____ WORKING DATA
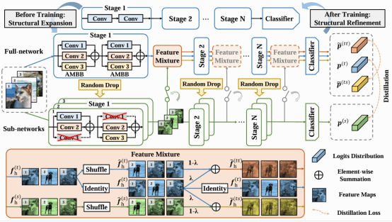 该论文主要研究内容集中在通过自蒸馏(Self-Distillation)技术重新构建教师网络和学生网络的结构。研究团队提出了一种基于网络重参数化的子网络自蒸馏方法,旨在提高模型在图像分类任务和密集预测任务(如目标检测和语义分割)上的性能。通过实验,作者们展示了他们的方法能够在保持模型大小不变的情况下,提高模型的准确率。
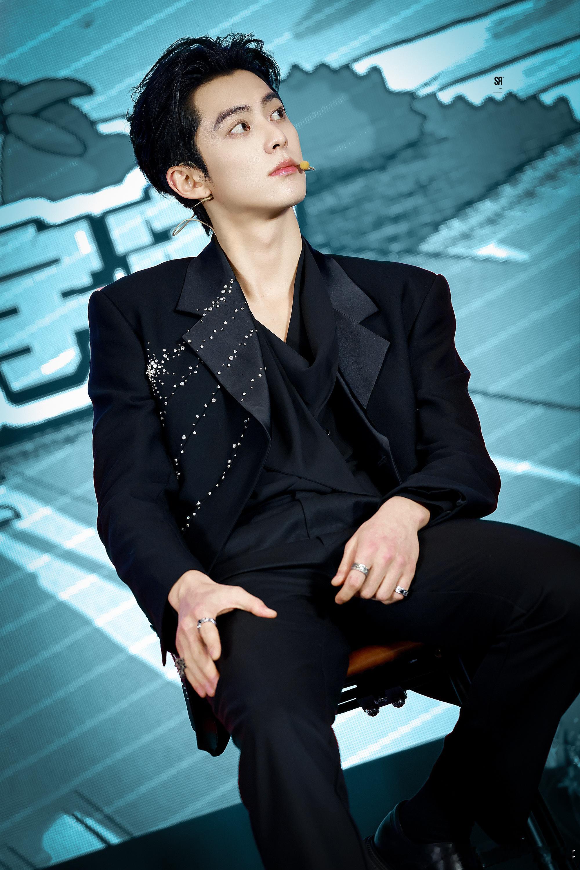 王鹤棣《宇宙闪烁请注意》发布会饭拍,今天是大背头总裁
________
____ WORKING DATA
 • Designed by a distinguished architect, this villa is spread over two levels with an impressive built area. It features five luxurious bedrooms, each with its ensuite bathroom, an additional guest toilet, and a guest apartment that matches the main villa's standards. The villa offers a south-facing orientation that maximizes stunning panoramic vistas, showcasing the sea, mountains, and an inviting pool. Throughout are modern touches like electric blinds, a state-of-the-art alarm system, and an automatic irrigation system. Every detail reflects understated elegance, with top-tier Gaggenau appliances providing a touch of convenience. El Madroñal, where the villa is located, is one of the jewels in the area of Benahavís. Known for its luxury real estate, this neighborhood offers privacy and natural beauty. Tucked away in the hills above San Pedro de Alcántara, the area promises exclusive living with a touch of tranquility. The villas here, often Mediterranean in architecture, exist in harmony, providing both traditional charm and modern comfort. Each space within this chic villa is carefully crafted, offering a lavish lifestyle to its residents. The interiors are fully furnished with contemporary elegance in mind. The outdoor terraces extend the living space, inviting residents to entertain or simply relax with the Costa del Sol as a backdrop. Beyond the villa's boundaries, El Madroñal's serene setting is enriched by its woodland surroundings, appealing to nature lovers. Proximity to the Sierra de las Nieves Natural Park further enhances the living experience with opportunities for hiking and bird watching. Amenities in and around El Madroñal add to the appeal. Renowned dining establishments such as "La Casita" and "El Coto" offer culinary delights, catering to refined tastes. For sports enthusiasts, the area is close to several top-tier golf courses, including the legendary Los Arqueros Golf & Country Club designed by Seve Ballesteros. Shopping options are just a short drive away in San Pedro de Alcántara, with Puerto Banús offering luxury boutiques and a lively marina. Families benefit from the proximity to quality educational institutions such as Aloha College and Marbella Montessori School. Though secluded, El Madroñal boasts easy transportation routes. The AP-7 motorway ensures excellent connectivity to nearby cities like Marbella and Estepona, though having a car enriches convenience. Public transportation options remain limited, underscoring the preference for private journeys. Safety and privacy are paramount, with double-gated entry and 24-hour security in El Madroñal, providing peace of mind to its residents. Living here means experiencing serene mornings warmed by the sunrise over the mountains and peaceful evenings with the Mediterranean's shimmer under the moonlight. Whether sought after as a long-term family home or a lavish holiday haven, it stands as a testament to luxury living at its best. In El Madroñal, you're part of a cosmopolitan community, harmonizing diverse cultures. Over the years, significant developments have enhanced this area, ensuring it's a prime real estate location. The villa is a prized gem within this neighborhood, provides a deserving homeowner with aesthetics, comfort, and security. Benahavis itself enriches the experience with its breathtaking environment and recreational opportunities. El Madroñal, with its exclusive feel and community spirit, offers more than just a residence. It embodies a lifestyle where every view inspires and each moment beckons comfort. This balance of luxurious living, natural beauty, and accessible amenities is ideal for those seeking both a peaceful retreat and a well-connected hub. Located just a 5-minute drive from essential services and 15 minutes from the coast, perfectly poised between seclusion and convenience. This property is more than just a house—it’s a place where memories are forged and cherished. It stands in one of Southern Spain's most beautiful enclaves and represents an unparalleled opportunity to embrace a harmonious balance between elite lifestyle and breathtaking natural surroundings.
________
WHAT TO PRODUCE:
Return exactly the lines that appear in the data above between the line containing "该论文主要研究内容集中在通过" and the line containing "王鹤棣《宇宙闪烁请注意》发布会饭拍,今天是大背头总裁", both of which are included, and leave the pictures out.

RESULT:
 该论文主要研究内容集中在通过自蒸馏(Self-Distillation)技术重新构建教师网络和学生网络的结构。研究团队提出了一种基于网络重参数化的子网络自蒸馏方法,旨在提高模型在图像分类任务和密集预测任务(如目标检测和语义分割)上的性能。通过实验,作者们展示了他们的方法能够在保持模型大小不变的情况下,提高模型的准确率。
 王鹤棣《宇宙闪烁请注意》发布会饭拍,今天是大背头总裁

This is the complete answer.